Kisah Kelahiran Nabi Muhammad SAW: Cahaya Rahmat bagi Semesta Alam
Nabi Muhammad SAW lahir di Makkah dari pasangan Abdullah bin Abdul Muthalib dan Aminah binti Wahab. Beliau lahir pada tahun yang dikenal sebagai Tahun Gajah, yaitu tahun ketika pasukan bergajah yang dipimpin Abrahah berusaha menyerang Ka'bah. Allah SWT menggagalkan mereka sebagaimana disebutkan dalam QS. Al-Fil ayat 1–5.

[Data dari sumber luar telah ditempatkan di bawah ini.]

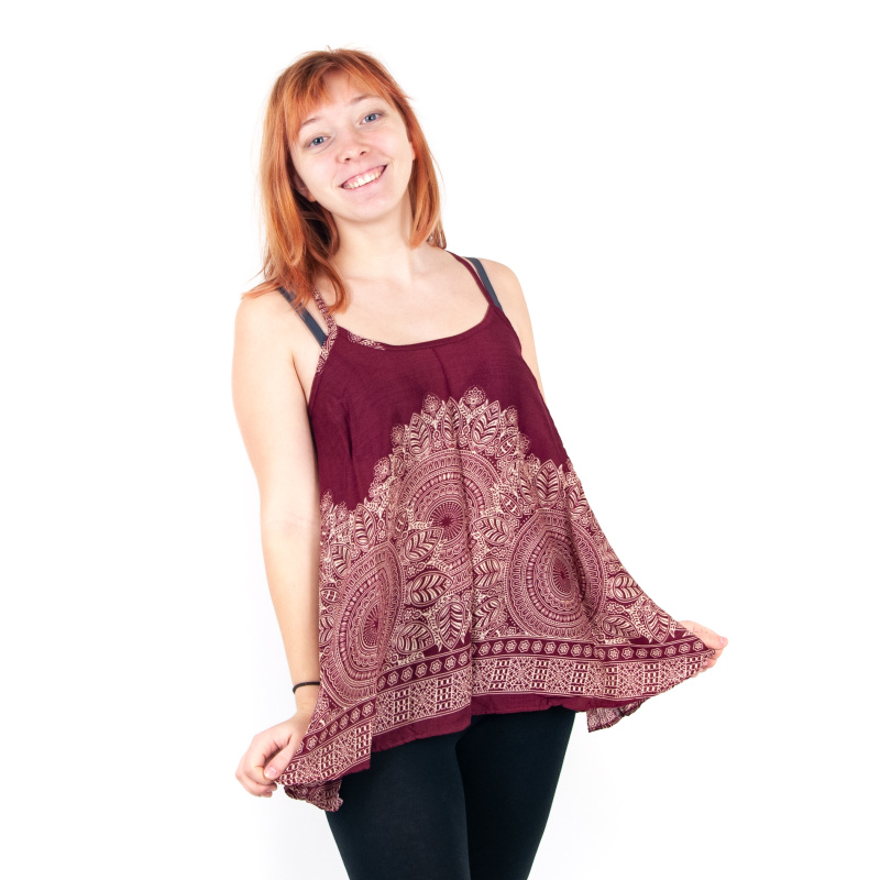 Enjoy the summer comfortably. With the lightweight Leaf Mandala halter top and oriental motif you will feel absolutely great.

Al-Qur'an tidak menjelaskan secara rinci tanggal kelahiran Nabi Muhammad SAW. Namun, Al-Qur'an menegaskan bahwa beliau adalah rahmat bagi seluruh alam:
«“Dan Kami tidak mengutus engkau (Muhammad), melainkan untuk menjadi rahmat bagi seluruh alam.”
(QS. Al-Anbiya: 107)»
Kelahiran Rasulullah SAW merupakan awal dari hadirnya seorang utusan Allah yang membawa manusia dari kegelapan menuju cahaya iman. Beliau mengajarkan tauhid, akhlak mulia, kasih sayang, keadilan, dan ketaatan kepada Allah SWT.
Dalam hadis sahih, Rasulullah SAW menjelaskan keutamaan hari kelahirannya dengan bersabda bahwa hari Senin adalah hari beliau dilahirkan dan hari beliau menerima wahyu (HR. Muslim).
Karena itu, mengenang kelahiran Nabi Muhammad SAW hendaknya tidak hanya menjadi sebuah perayaan, tetapi menjadi momentum untuk meneladani akhlak, perjuangan, kesabaran, dan sunnah beliau.
“Mencintai Rasulullah SAW bukan sekadar mengingat kelahirannya, tetapi membuktikan cinta dengan mengikuti ajaran dan akhlaknya.”